**Problem details**: Exactly as written, retype the listing below, omitting the pictures.

**Data below**:
*****
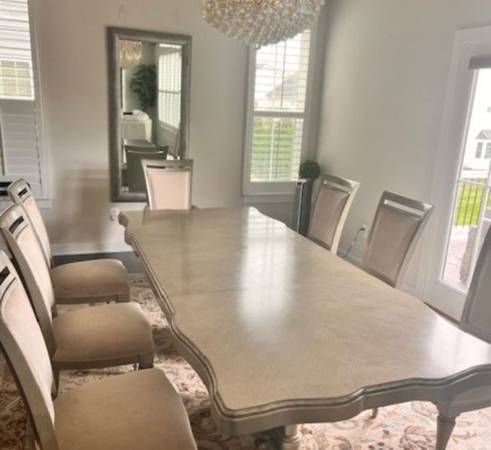 Miramar Double Pedestal Dining Table With 6 Side Chairs and 2 Arm Chairs, Metallic Grey - 2000 $
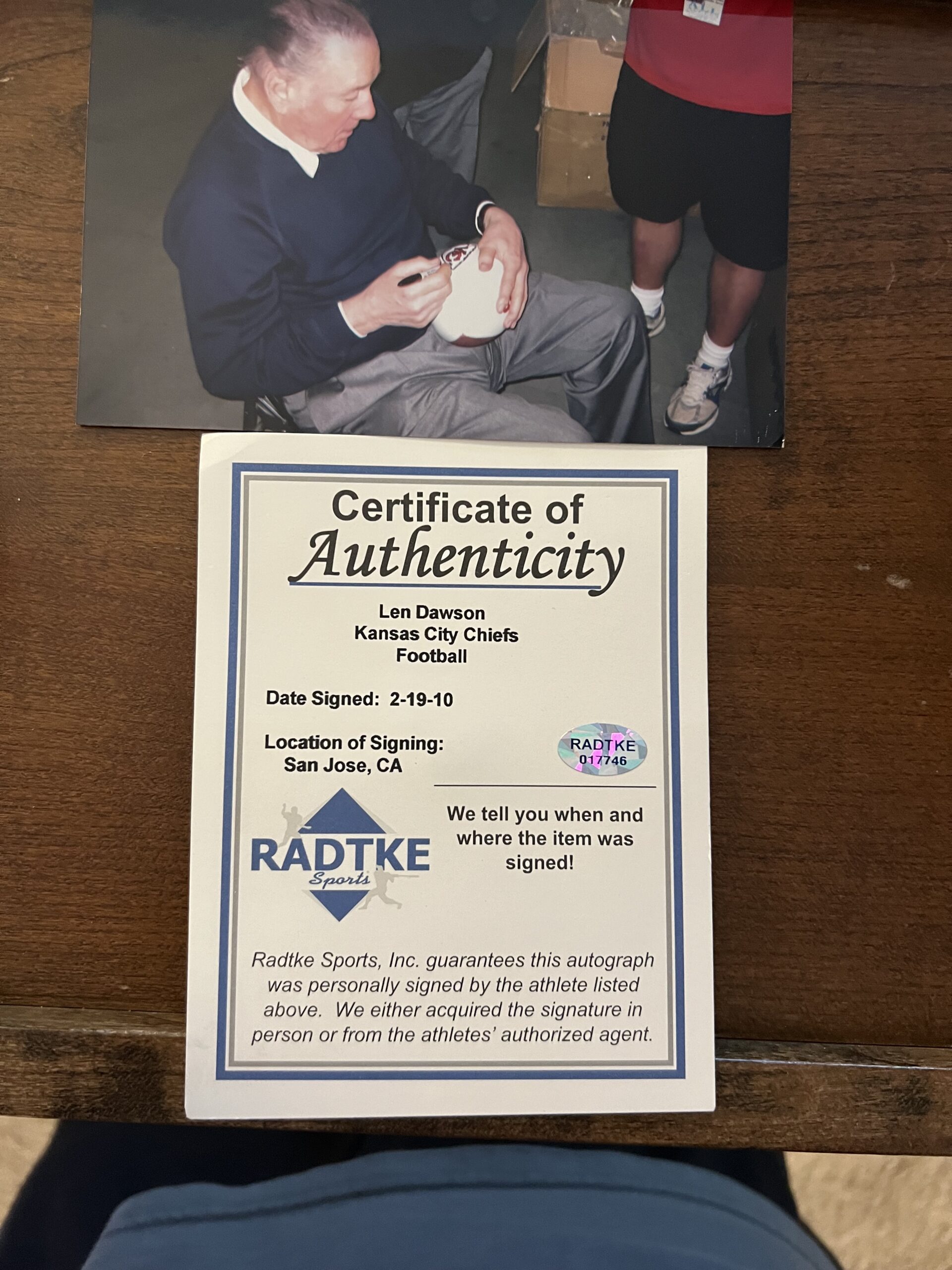 The late Len Dawson remains a Kansas City Chiefs Icon. These HOF-signed Chiefs footballs of Lenny the Cool are becoming rarer with each year of his passing.
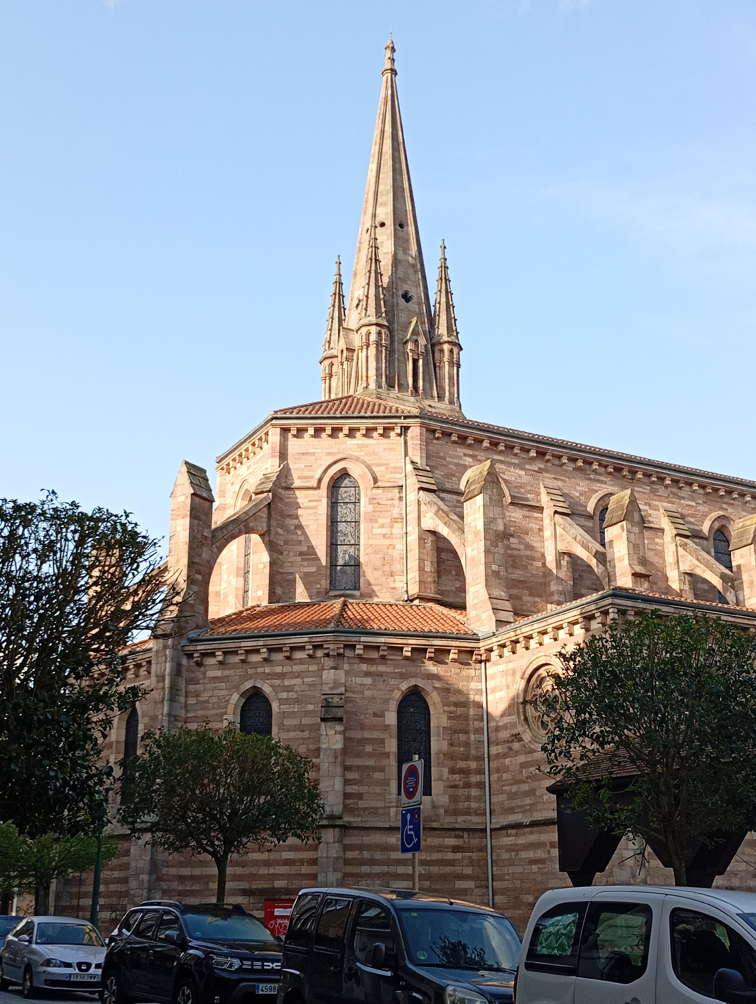 The image shows the exterior of the Iglesia de la Asunción in Torrelavega, Spain, viewed from street level. The church is constructed of reddish-brown stone, featuring a tall central spire and smaller…read more
*****
**Solution to this exercise**:
 Miramar Double Pedestal Dining Table With 6 Side Chairs and 2 Arm Chairs, Metallic Grey - 2000 $
 The late Len Dawson remains a Kansas City Chiefs Icon. These HOF-signed Chiefs footballs of Lenny the Cool are becoming rarer with each year of his passing.
 The image shows the exterior of the Iglesia de la Asunción in Torrelavega, Spain, viewed from street level. The church is constructed of reddish-brown stone, featuring a tall central spire and smaller…read more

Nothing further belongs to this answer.